Everything We Know About Apple vs the FBI
Radio Motherboard discusses Apple's showdown with the FBI.
Image: Perspecys Photos/Flickr
Earlier this week, a federal judge in California ordered Apple to help the FBI brute force hack into the encrypted iPhone belonging to one of the San Bernardino shooters, setting up a legal showdown that could have far-reaching ramifications for the future of encryption and privacy in the United States.
Motherboard has been exploring what's sure to be one of the biggest ongoing tech stories of the year (maybe of this decade?). There's lots more to come, but our security reporter Lorenzo Franceschi-Bicchierai and I decided to sit down and record a short podcast discussing everything we know about the case thus far.
The podcast is available on iTunes and all podcasting apps.
The FBI would like to get into an encrypted phone belonging to one of the San Bernardino terrorists, who shot and killed 14 people last year.

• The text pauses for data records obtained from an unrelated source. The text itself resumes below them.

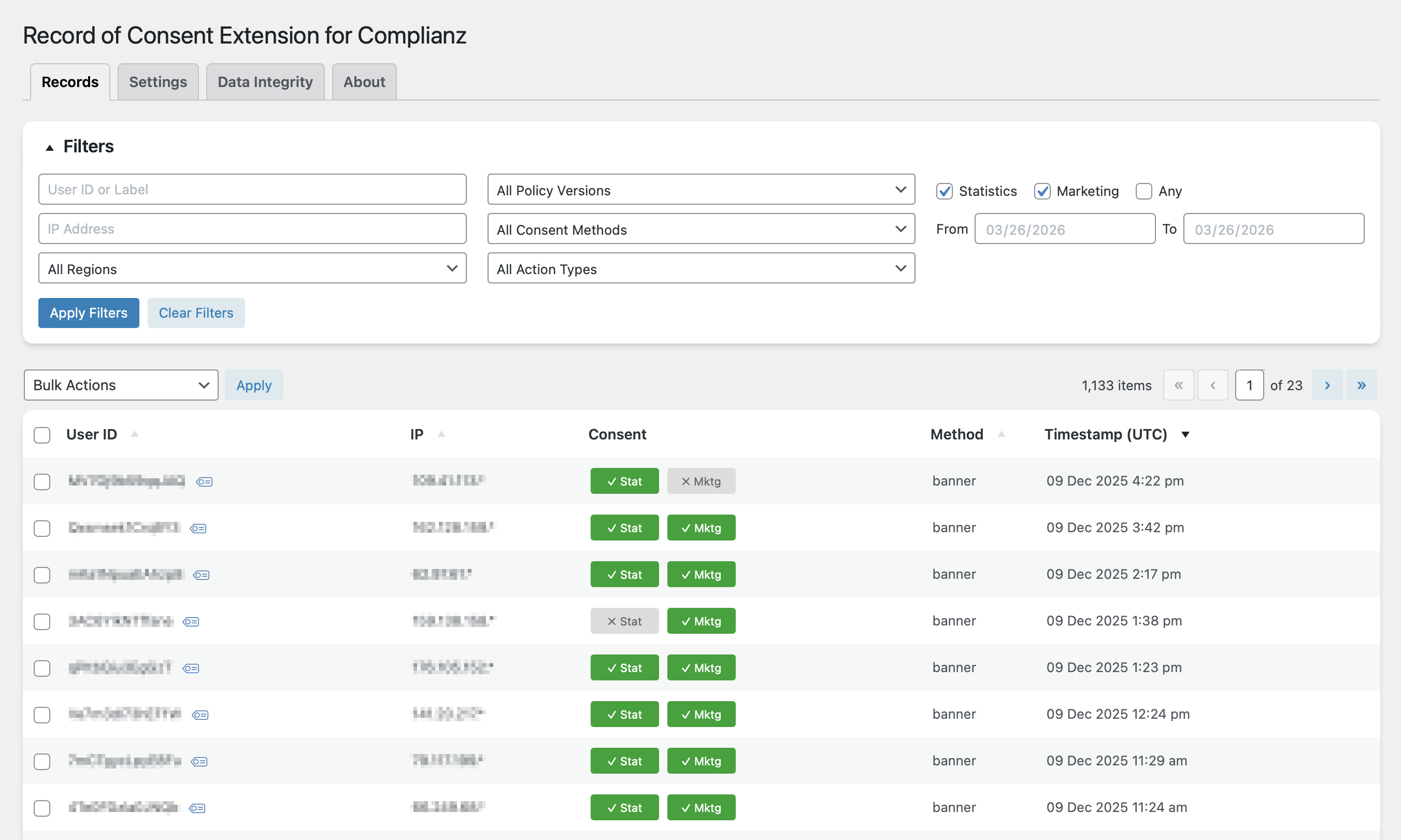 - Consent records will be stored automatically when Complianz triggers consent events.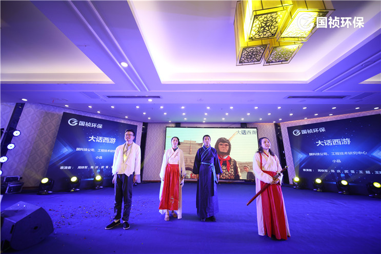 颁奖典礼也穿插了很多员工自导自演的节目。既有活力四射的舞蹈《国祯范儿》《国祯练习生》,又有独具韵味的《风月》;评弹《秦淮景》让我们领略到了金陵十里秦淮的繁华景象;歌伴舞《让国祯更美丽》、歌曲《巡检归来》、《甲大人、乙大人》、诗朗诵《我的南方和北方》则展示出了国祯人的日常;《大话西游》让我们看到投身环保的至尊宝;歌曲串烧《千千阙歌》《无所谓》《夜半小夜曲》余音绕梁、悦耳动听;器乐串烧《草原新牧民》《我只在乎你》《南方姑娘》则让我们现场感受中西不同乐器之魅力;影子剧《呼吁》通过黑与白的“肢体”呼吁我们保护环境的重要性;诗朗诵《保护地球妈妈》则通过四个国祯二代发出保护地球的心愿。与会观众纷纷通过手机记录一个个精彩的瞬间,与坚守在工作一线的同事或远在他乡的亲人分享喜悦。颁奖晚会在歌伴舞《我和我的祖国》中落下帷幕。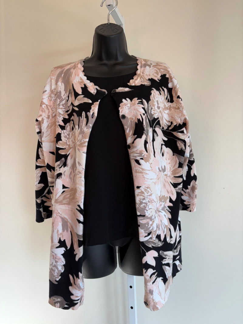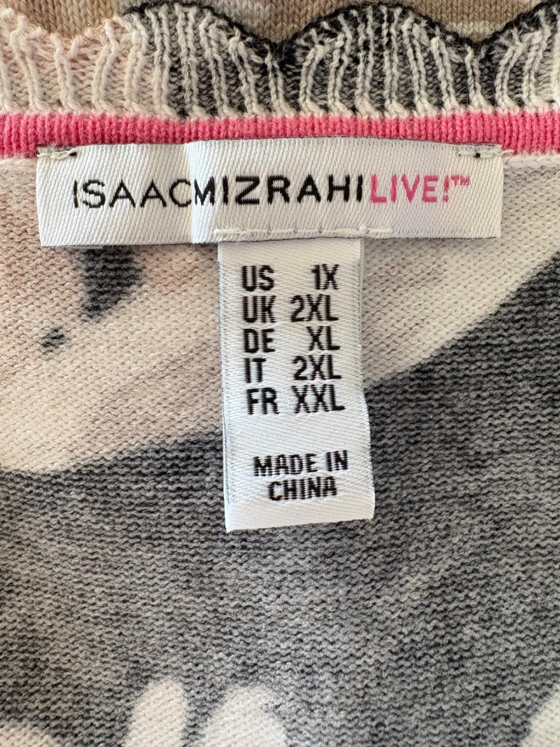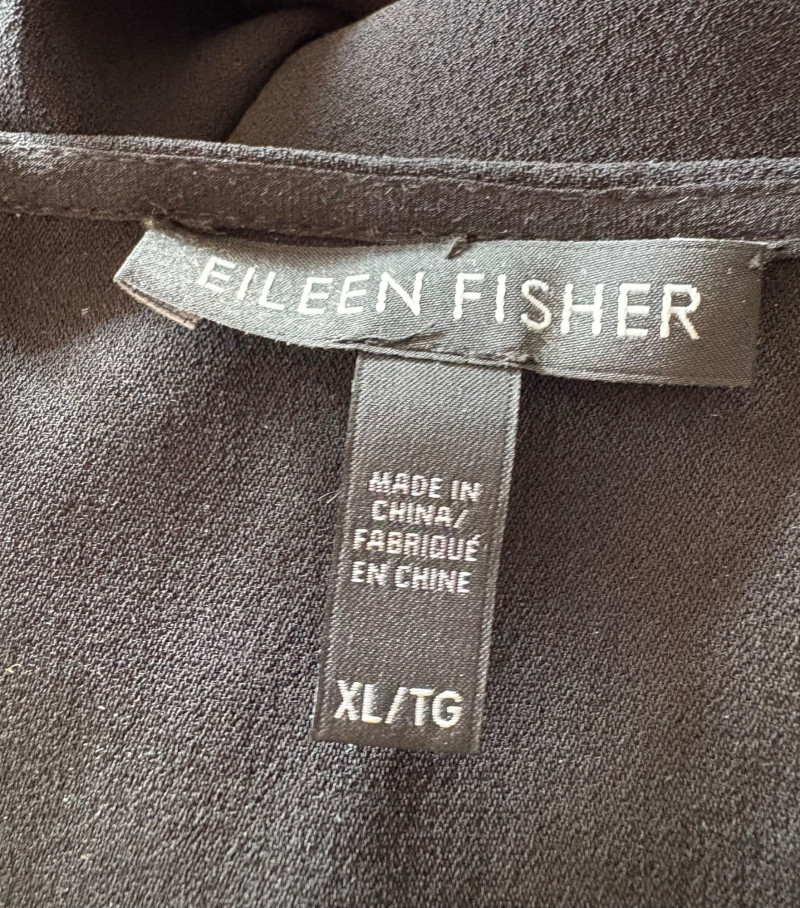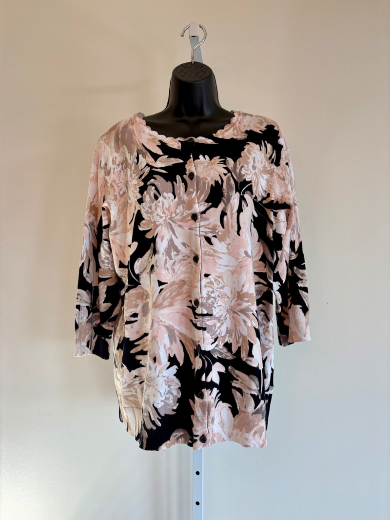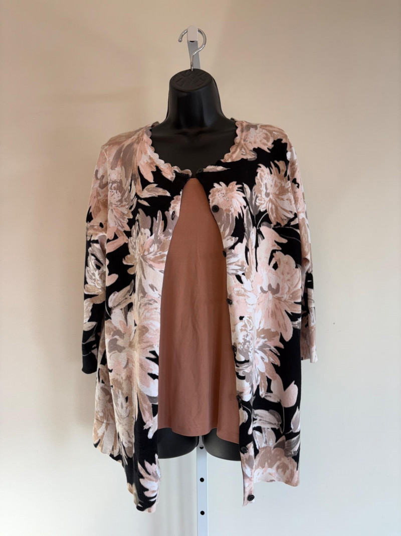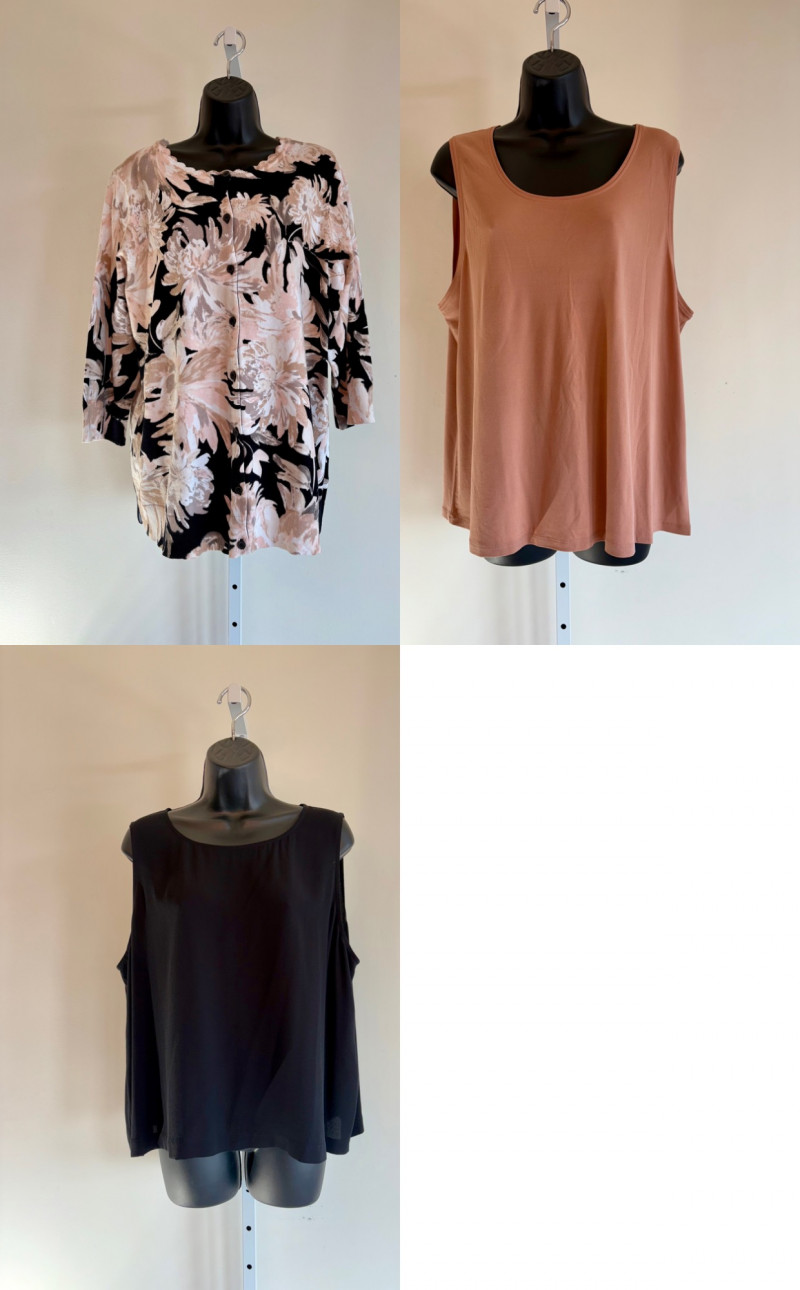 3 coordinating separates from Eileen Fisher & Isaac Mizrahi. Pink shell has curved neckline. 100% silk. Measures 21.5" pit to pit and 24.5" from back neckline to hem. Size tag says XL. Black shell has curved neckline, button back neck closure, and small split hem. 100% silk. Measures 22" pit to pit and 23" from back neckline to hem. Size tag says XL. Pink, taupe, black, and white cardigan sweater from Isaac Mizrahi has scalloped rib trim on round neckline, 8 button front closure, and ribbing on sleeve ends and hem. Cotton/nylon blend. Measures 23" pit to pit and 25" from back neckline to hem. Size tag says 1X.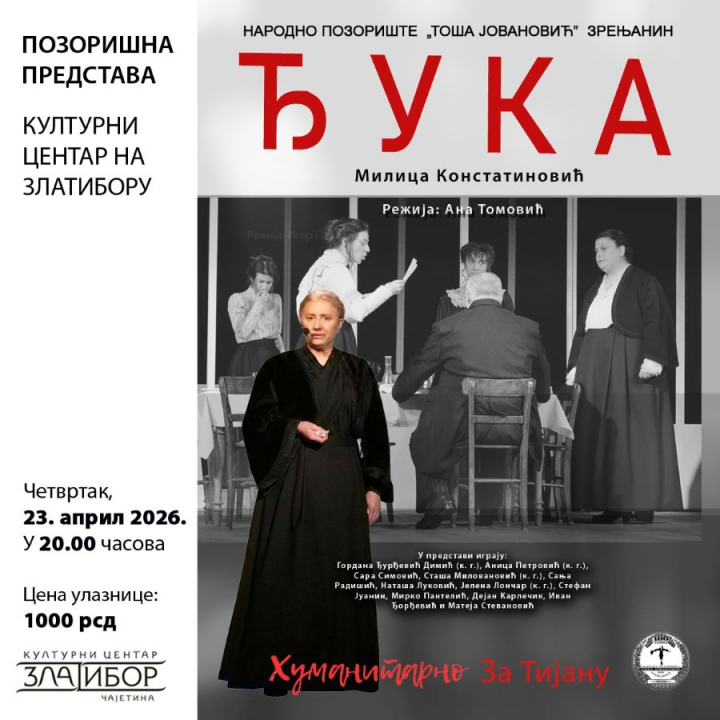 Pozivamo vas na izuzetan kulturni i humanitarni događaj koji će se održati u četvrtak, 23. aprila u 20 časova, kada će na sceni Kulturnog centra „Zlatibor” gostovati Narodno pozorište „Toša Jovanović” iz Zrenjanina sa predstavom „Đuka”.

The FBI can't do it because the phone has a passcode on it, so it got a District Court judge in California to order Apple to help them.
If you have a passcode on your iPhone, it's encrypted. When you unlock an encrypted phone, you are asked to type a four- or six-key passcode to unlock it. If you fail 10 times in a row, the phone automatically deletes the phone's encryption key.
The federal judge ordered Apple to disable this feature on the phone, which will allow the FBI to "brute force" its way in, meaning it can try every single possible combination of passcode until one works.
Tim Cook, Apple's CEO, vehemently responded to the order late on Tuesday, saying that the demand "would undermine the very freedoms and liberty our government is meant to protect." He wrote his company would be fighting the order, and that the order itself sets the stage for much wider use of back-doors.
"The United States government has demanded that Apple take an unprecedented step which threatens the security of our customers. We oppose this order, which has implications far beyond the legal case at hand," the statement starts.
Apple immediately contested the order, calling it an "unprecedented step" where the government is essentially asking the company to "hack" its own users and create a "backdoor" that could be used any other time in the future.
For the US government, on the other hand, this is simply "writing software code," which is not an "unreasonable burden for a company that writes software code as part of its regular business," as the prosecutors argued in the case. This code, moreover, will only be targeted for this specific phone, according to the feds. In other words, they're claiming this is just a one-time solution and doesn't constitute a backdoor.
But given what is known about how the iPhone protects users' data with encryption, and what the feds are asking in this case, that is likely untrue—not just according to Apple, but also security experts who have studied the company's software.
The government's demands, the experts argue, ultimately have very little to do with unlocking a single phone, and everything to do with establishing far-reaching powers, and a technical way for the US government—and presumably, any government—to force companies to hack their own products."
It may be the case that Apple can help the FBI, but that doesn't mean it has to. In the1999 case Bernstein v US Department of Justice, the Ninth Circuit Court of Appeals (which covers the District Court the Apple case is being heard in) ruled that software source code is "speech" that is protected by the First Amendment. In that case, a graduate student at Berkeley was initially prevented by the DOJ from publishing the source code for an encryption protocol, claiming it could be considered an illegal arms export. The Ninth Circuit ruled that this was a "prior restraint" against speech.
That case is important because if code is speech, the FBI is asking Apple to create speech specifically for the government, according to Nate Cardozo, a lawyer at the Electronic Frontier Foundation.
"We've never seen a compelled speech case that comes close to doing what the government is asking Apple to do here. We've never seen any case where the government has compelled a third party to subvert its own systems in this way," Cardozo said.
This week, a federal judge ordered Apple to assist in brute-forcing the passcode to a seized iPhone, spurring a vibrant cybersecurity debate. Meanwhile, in the UK, a proposed surveillance law could allow the government to force companies to do much the same thing, but in secret.
The draft Investigatory Powers Bill, which is currently being redrafted after scrutiny by several committees, would introduce a new set of regulations overseeing surveillance carried out by law enforcement, security and intelligence agencies.
As always, thanks for listening—we'll have more in the weeks and months to come.